[What the exercise asks]: Reproduce the records exactly. Leave the pictures out.

[Source material]:
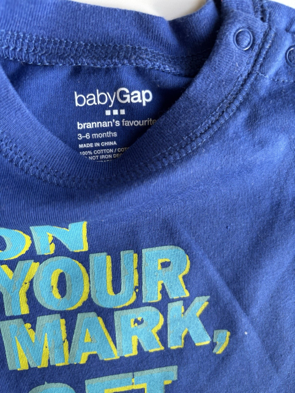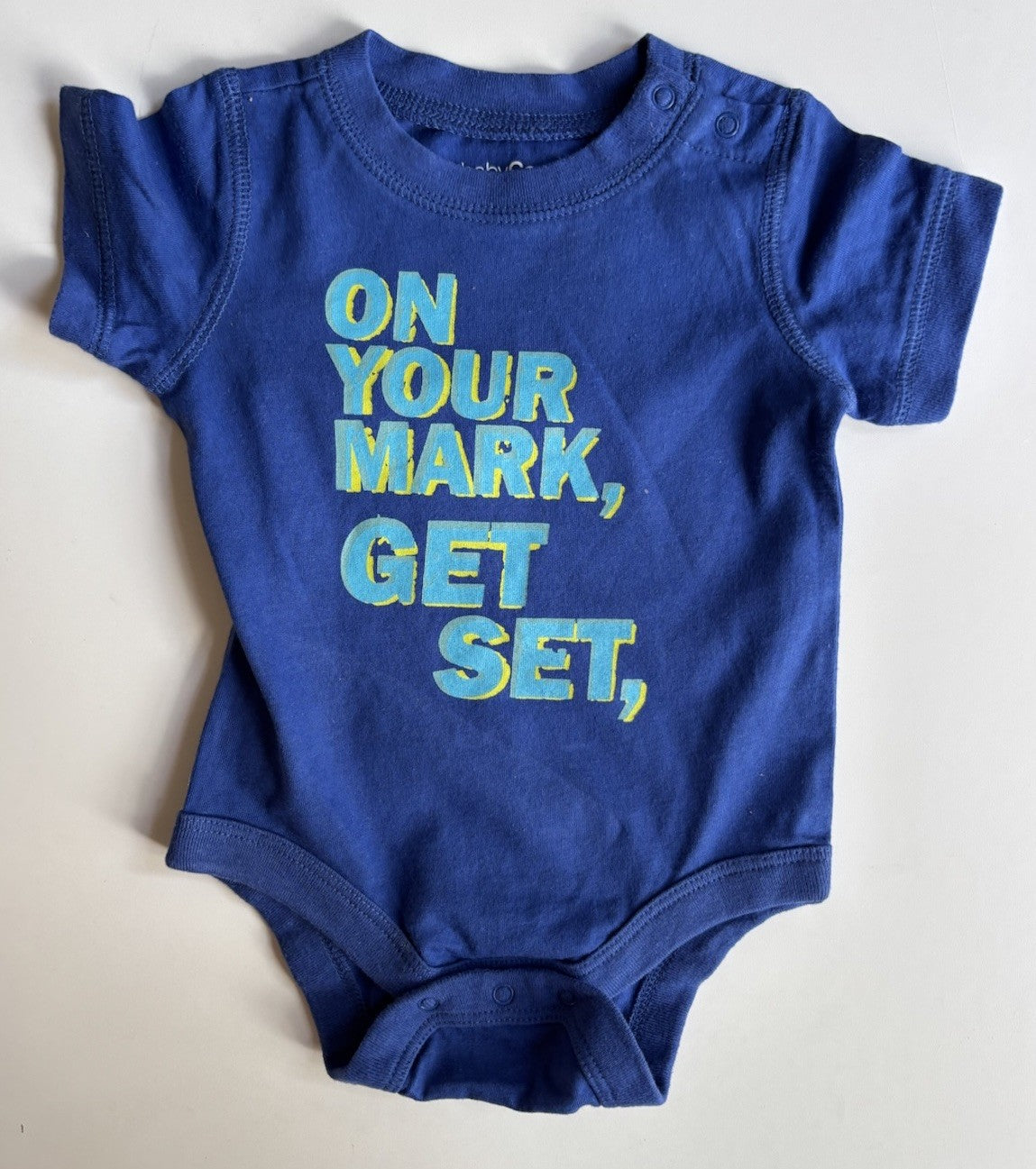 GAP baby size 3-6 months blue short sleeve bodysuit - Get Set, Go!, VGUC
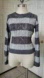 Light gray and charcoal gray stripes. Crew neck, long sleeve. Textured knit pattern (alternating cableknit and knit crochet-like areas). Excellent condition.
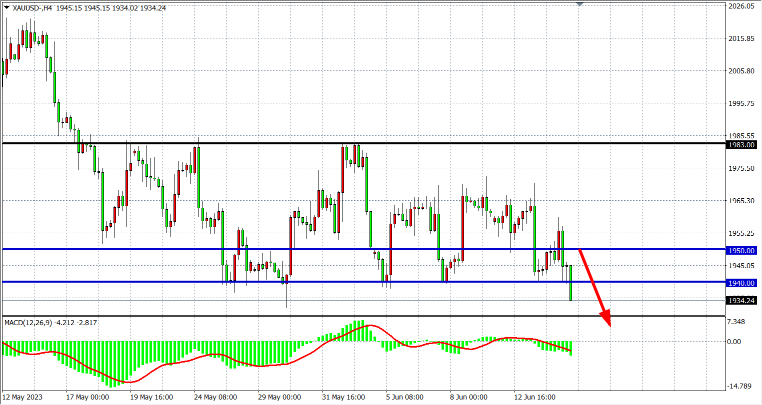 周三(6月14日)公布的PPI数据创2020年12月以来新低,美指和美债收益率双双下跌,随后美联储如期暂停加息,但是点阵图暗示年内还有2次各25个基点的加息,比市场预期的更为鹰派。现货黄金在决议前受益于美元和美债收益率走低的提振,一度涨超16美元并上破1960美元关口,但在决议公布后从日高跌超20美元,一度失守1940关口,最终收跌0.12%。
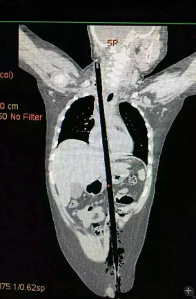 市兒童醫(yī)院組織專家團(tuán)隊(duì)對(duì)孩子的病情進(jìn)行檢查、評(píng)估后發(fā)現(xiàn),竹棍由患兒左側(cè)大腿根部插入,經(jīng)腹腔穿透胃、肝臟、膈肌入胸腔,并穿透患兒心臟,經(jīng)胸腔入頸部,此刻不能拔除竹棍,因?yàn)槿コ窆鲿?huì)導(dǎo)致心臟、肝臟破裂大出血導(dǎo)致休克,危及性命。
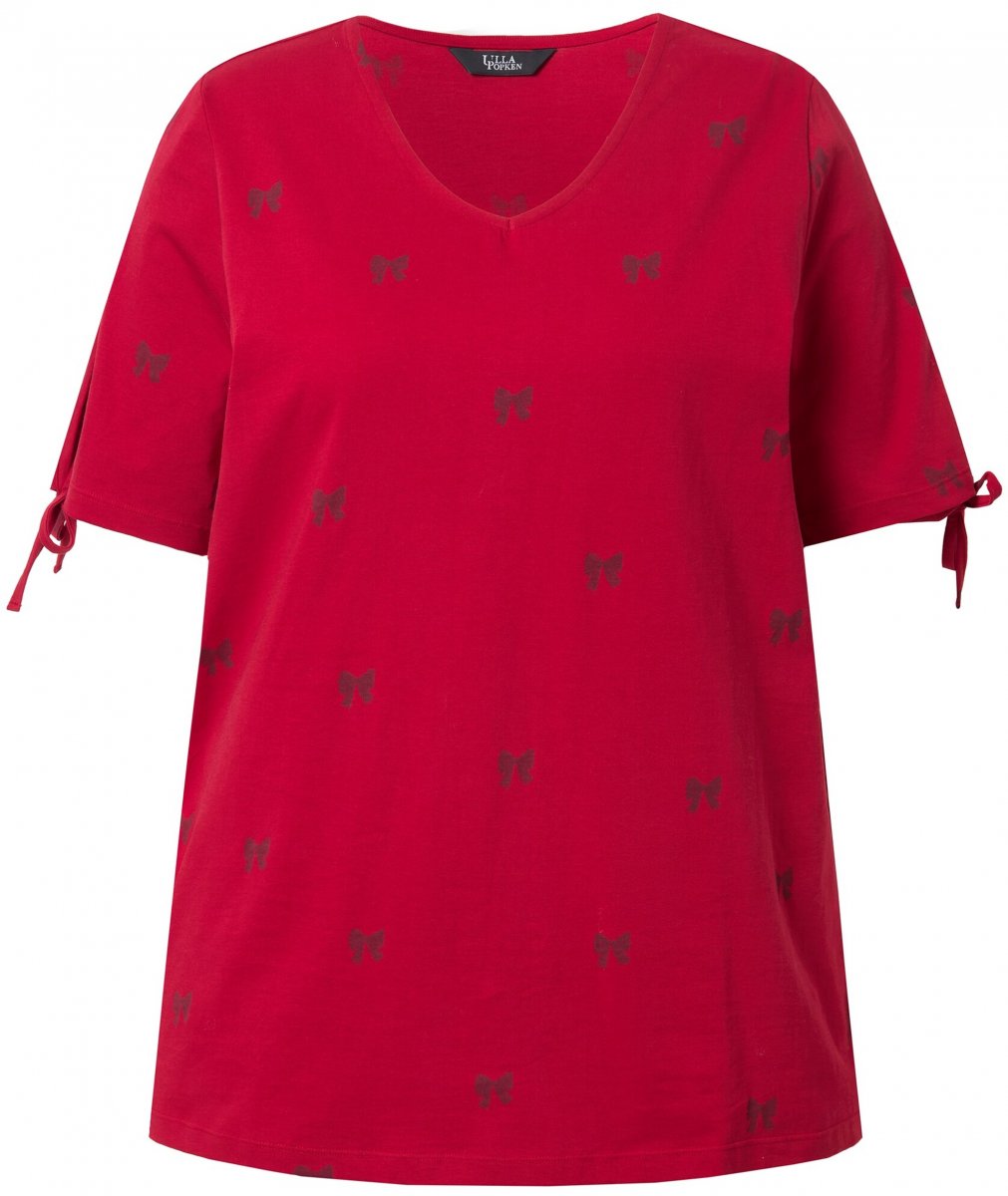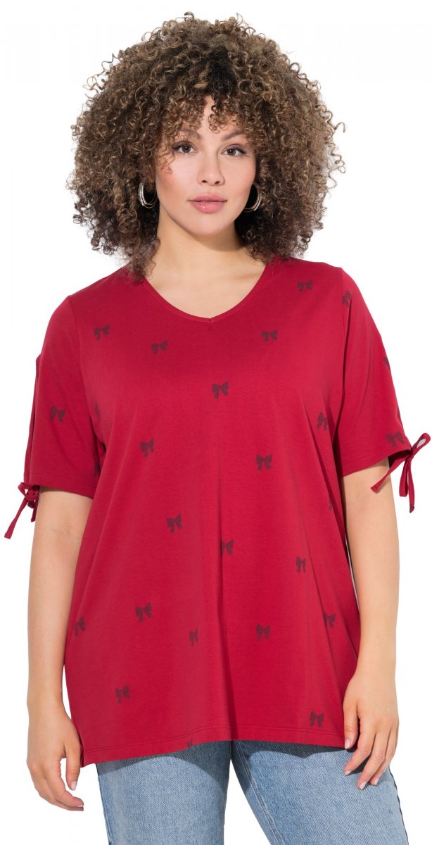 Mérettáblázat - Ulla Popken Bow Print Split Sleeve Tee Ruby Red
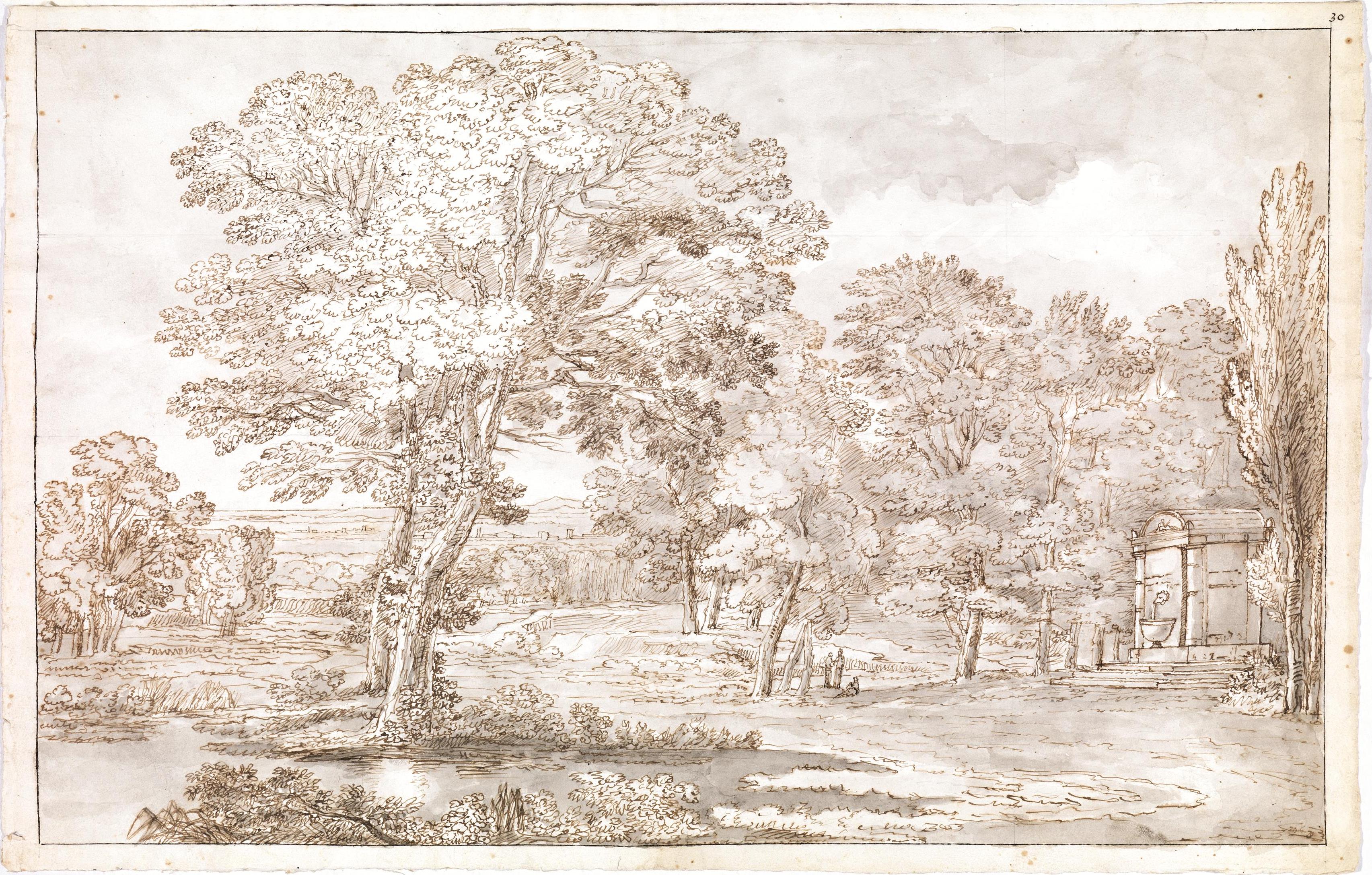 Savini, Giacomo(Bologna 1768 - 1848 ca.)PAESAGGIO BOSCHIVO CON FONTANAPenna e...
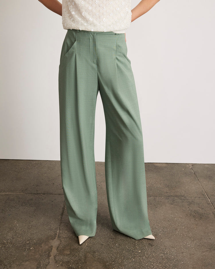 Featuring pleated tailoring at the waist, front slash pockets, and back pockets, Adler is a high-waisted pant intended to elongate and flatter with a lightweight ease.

[Exercise solution]:
 GAP baby size 3-6 months blue short sleeve bodysuit - Get Set, Go!, VGUC
 Light gray and charcoal gray stripes. Crew neck, long sleeve. Textured knit pattern (alternating cableknit and knit crochet-like areas). Excellent condition.
 周三(6月14日)公布的PPI数据创2020年12月以来新低,美指和美债收益率双双下跌,随后美联储如期暂停加息,但是点阵图暗示年内还有2次各25个基点的加息,比市场预期的更为鹰派。现货黄金在决议前受益于美元和美债收益率走低的提振,一度涨超16美元并上破1960美元关口,但在决议公布后从日高跌超20美元,一度失守1940关口,最终收跌0.12%。
 市兒童醫(yī)院組織專家團(tuán)隊(duì)對(duì)孩子的病情進(jìn)行檢查、評(píng)估后發(fā)現(xiàn),竹棍由患兒左側(cè)大腿根部插入,經(jīng)腹腔穿透胃、肝臟、膈肌入胸腔,并穿透患兒心臟,經(jīng)胸腔入頸部,此刻不能拔除竹棍,因?yàn)槿コ窆鲿?huì)導(dǎo)致心臟、肝臟破裂大出血導(dǎo)致休克,危及性命。
 Mérettáblázat - Ulla Popken Bow Print Split Sleeve Tee Ruby Red
 Savini, Giacomo(Bologna 1768 - 1848 ca.)PAESAGGIO BOSCHIVO CON FONTANAPenna e...
 Featuring pleated tailoring at the waist, front slash pockets, and back pockets, Adler is a high-waisted pant intended to elongate and flatter with a lightweight ease.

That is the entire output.